People look to the world around them and derive a significant portion of their concepts of value and worth, benefit and harm, from their interaction with society and from the images of their society and the wider world that are endlessly paraded before them through all the various sources through which they draw their information. This information environment and its content plays a powerful role in shaping and re-shaping viewpoints, eliminating or creating biases and prejudices, and defining boundaries and contexts within which people find their social identity. That identity which was once achieved through family, community, church, temple, or mosque is now driven largely by the media in all of its myriad manifestations.

As a result, the media is probably the most potent modern tool available to those seeking to change or condition a society’s viewpoints, biases, and identity. It has a positive function in that it plays a powerful role in creating a shared societal identity – it has a negative role in that due to economic and political realities, the major media are for the most part, profit-oriented heavily commercialized corporate enterprises. Depending on the ownership and stakeholders, strong biases are expressed so that a news network, especially during times of crisis, disseminates specific points of views, to the extent that it can become little more than a purveyor of propaganda.

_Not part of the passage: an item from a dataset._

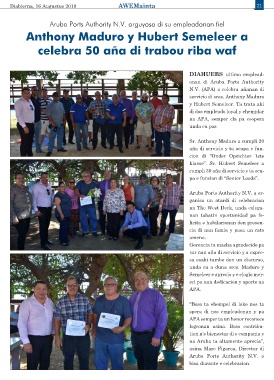 Aruba Ports Authority N.V. orguyoso di su empleadonan fiel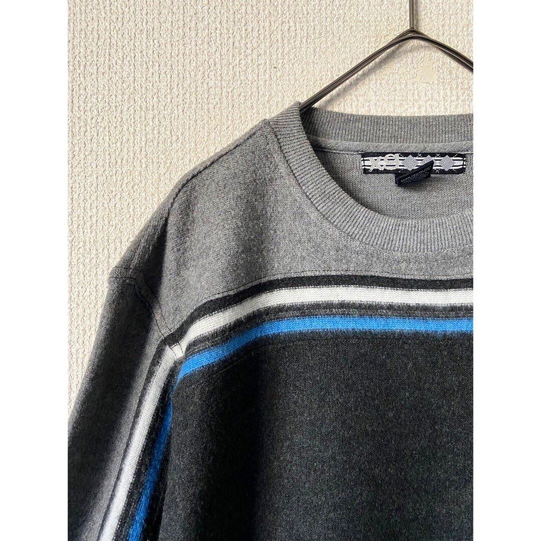 90年代らしい少しナードなパターン ライトグレー、チャコールグレーの切り替えにホワイトとサックスブルーのライン 薄手のポリ、アクリル、レーヨン、コットン 肌触りとしてはカシミヤに近い

And they’re highly networked enterprises in that whatever approach or tactic is seen to draw an audience or is successful in a given area rapidly propagates in slightly different forms across the range of media offerings. Ideas and values are shared, augmented, buttressed, sustained, and reinforced across this range. Despite the fact that there is commercial competition between media entities, that very competitiveness leads them to produce “competitive” variations of each others products which often amounts to little more than a repackaging of what another company has produced – the same news and opinion formula in a new guise or flavour. In times of crisis the same “experts” appear and reappear across the various television and radio networks until, in effect, a fairly narrow and constricted range of interpretations of events propagate across the airwaves, internet, and streaming services.

In this way the visual and aural language of the mass media in times of crisis acquires a real potency and currency – one that is countered only through the growth and accessibility of alternate sources, through grassroots connectivity, and through our growing ability to filter out bias and spin. This is currently a chaotic process still very much at an early stage of development where new social networks and connections are being formed – but there is still a long way to go.